Directions
An exact copy of the lines, starting at the top of the listing and ending with the line that has "Apron dans une", is the required answer. Pictures are not part of it.

Provided data

______________________________

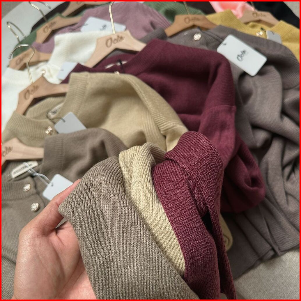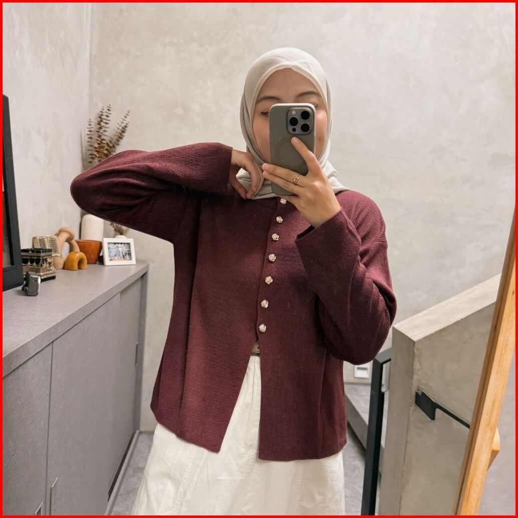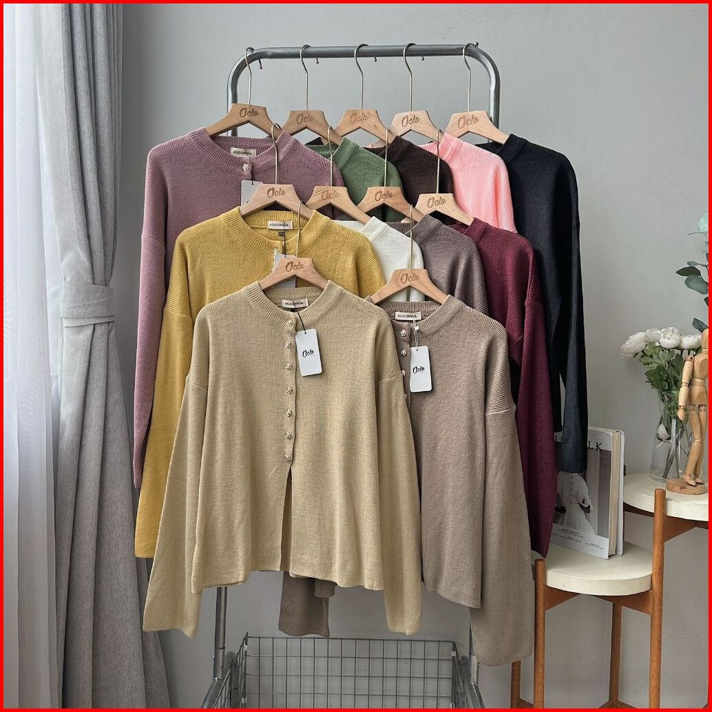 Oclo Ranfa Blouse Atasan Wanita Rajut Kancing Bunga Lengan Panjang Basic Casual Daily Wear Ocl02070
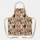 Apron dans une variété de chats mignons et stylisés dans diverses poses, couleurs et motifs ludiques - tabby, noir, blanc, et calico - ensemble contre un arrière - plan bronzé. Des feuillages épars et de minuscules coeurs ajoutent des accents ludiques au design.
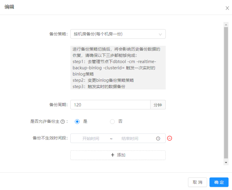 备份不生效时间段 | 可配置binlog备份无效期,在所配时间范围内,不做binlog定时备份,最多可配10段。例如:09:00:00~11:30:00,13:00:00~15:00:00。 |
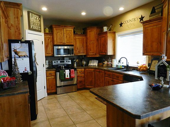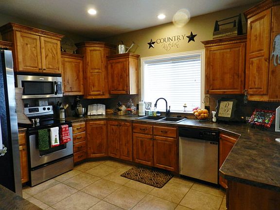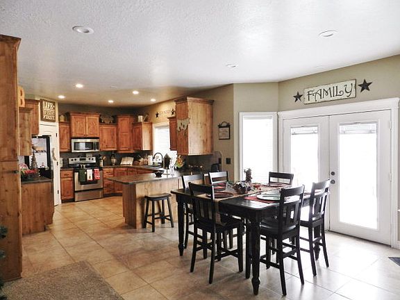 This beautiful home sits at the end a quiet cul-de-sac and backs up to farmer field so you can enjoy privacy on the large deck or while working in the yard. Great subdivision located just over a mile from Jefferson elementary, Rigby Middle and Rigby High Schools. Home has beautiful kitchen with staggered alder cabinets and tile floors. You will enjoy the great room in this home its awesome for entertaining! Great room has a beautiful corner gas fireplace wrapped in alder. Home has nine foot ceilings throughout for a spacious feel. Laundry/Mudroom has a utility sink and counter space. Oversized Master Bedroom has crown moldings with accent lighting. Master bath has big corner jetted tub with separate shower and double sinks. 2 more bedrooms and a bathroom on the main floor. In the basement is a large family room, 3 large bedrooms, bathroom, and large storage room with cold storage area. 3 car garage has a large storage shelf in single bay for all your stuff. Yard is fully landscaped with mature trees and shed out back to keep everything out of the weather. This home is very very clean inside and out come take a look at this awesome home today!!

______________________________

Expected answer
 Oclo Ranfa Blouse Atasan Wanita Rajut Kancing Bunga Lengan Panjang Basic Casual Daily Wear Ocl02070
 Apron dans une variété de chats mignons et stylisés dans diverses poses, couleurs et motifs ludiques - tabby, noir, blanc, et calico - ensemble contre un arrière - plan bronzé. Des feuillages épars et de minuscules coeurs ajoutent des accents ludiques au design.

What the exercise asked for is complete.